One more addendum--

DD wound up graduating number 2 in her high school class. Now, there are some caveats here (and really, this isn't rationalization, but it's worth noting because, well-- you'll see).



Understand that DD took ALL of her high school requirements through her school, during the regular terms, and nothing elsewhere. Her college coursework is all dual enrollment (mostly AP), and I mention that because some kids play games with P/F grading so that a *weighted* GPA becomes higher, since it isn't dragged down by unweighted graduation requirements. DD's GPA is au natural there-- it IS significantly weighted down by things like PE (A+, of course, but still, it dings you when the 4.0 gets averaged into a 4.5 GPA on the term otherwise...) She also took unweighted elective coursework that wasn't strictly required-- which dragged the GPA down a bit as well, in spite of earning A's in those classes.

Her final high school GPA was 4.35 cumulative. This is also not a "perfect" GPA-- she has a B on that transcript. From when she was ten. {sigh} Her unweighted GPA is something like 3.98-- like I said, not perfect.

She is also a big-picture kid with a FIERCE social justice streak-- and a fierce, fierce sense of rationality-- getting A's in this system has been TORTURE for her much of the time, since merely "playing the game" well has felt intellectually dishonest to her-- she really dithers about whether to offer the "right" answer... or the expedient one. Anyway. I mention that because she is divergent in terms of compliance/system-adaptation. It tends to make her subversive and defiant. There are things about this program that make it harder for PG kids relative to MG ones.

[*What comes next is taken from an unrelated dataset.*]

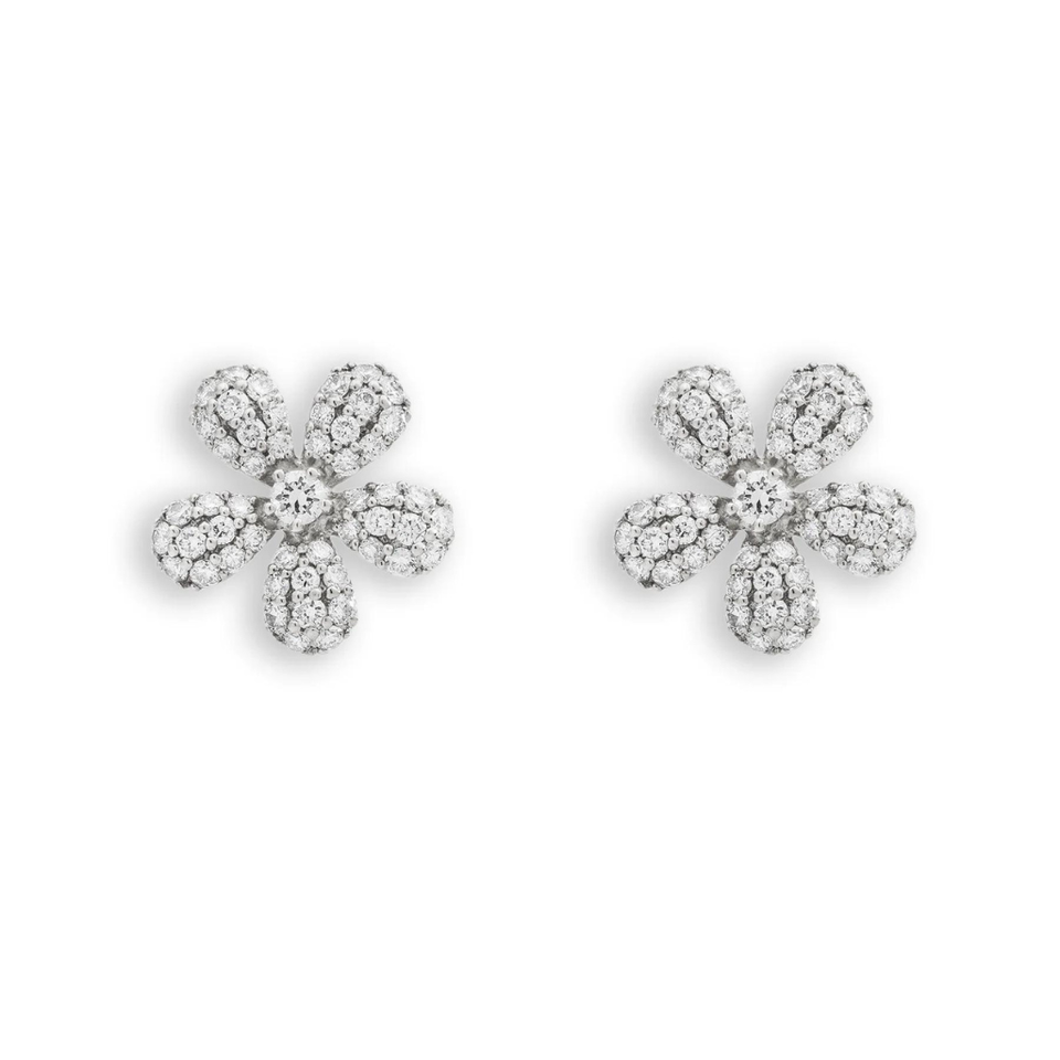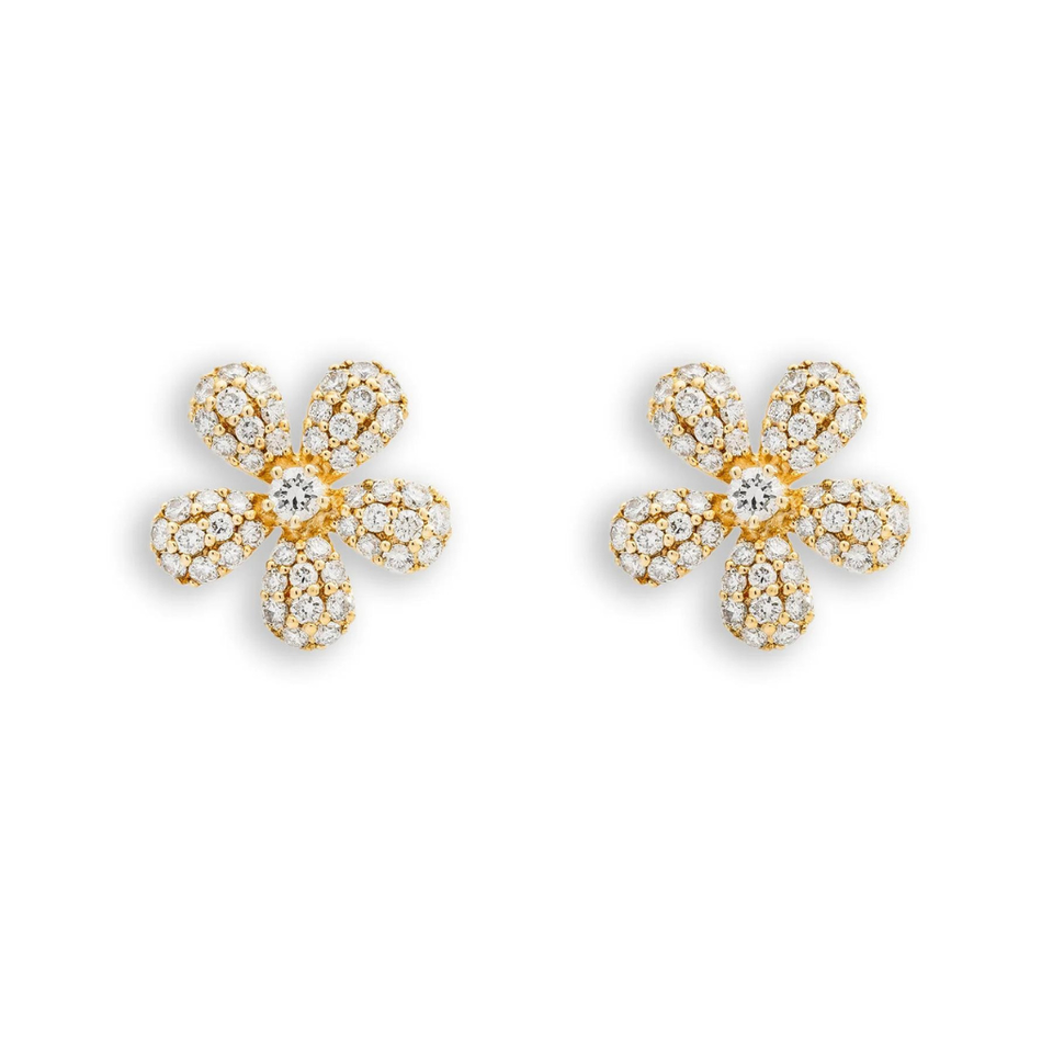 ต่างหูทองคำ14K ธรรมชาติต่างหูเม็ดเดี่ยวรูปดอกไม้สวยงามต่างหูเพชรธรรมชาติดีไซน์ทันสมัย

The valedictorian is also an HG+ student-- his GPA has been goosed, I think, given what I know DD has taken, what I know he took, and some other particulars about the two of them. He's an academic all-star as well, though, no two ways about it.

Still, the two of them are WAY out ahead of everyone else in the class-- by TENTHS. The two of them are separated by hundredths. The two of them are BOTH anomolies-- higher GPA's than anyone before or after them-- by almost a full tenth, in fact. What's funny about this is that it's been just the two of them since freshman year, and both of them have known it all along. In ANY other year, nobody else would even be competition for #1. {Number 3 wasn't even close, but would have been #1 last year.}

DD was also the only girl in the top 7.

DD, Salutatorian, is considerably younger than the Valedictorian, though. Well-- by 9 months, anyway. grin


All of that to explain why, even at #2 (which might be a surprise/underperformance in a clearly PG kiddo, accelerated or not)-- I am BEYOND proud of her.




Schrödinger's cat walks into a bar. And doesn't.